→ What is being asked
Range to output from the entries below: the line containing "- > 英国ヴィンテージブローチ|光を纏い、誇りを広げる孔雀のブローチ" through the line containing "Plakat w ramie". Set it down exactly, ends included, nothing else.

→ Data
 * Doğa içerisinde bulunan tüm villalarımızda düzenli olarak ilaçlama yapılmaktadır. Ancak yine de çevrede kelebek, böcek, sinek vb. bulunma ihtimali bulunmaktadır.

---

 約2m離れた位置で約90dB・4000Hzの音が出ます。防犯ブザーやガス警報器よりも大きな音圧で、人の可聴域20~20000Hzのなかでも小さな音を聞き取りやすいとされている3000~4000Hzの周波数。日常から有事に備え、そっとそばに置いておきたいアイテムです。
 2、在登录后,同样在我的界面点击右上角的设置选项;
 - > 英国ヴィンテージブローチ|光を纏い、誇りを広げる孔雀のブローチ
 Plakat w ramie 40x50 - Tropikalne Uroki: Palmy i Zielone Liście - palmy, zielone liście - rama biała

→ Response to this exercise
 - > 英国ヴィンテージブローチ|光を纏い、誇りを広げる孔雀のブローチ
 Plakat w ramie 40x50 - Tropikalne Uroki: Palmy i Zielone Liście - palmy, zielone liście - rama biała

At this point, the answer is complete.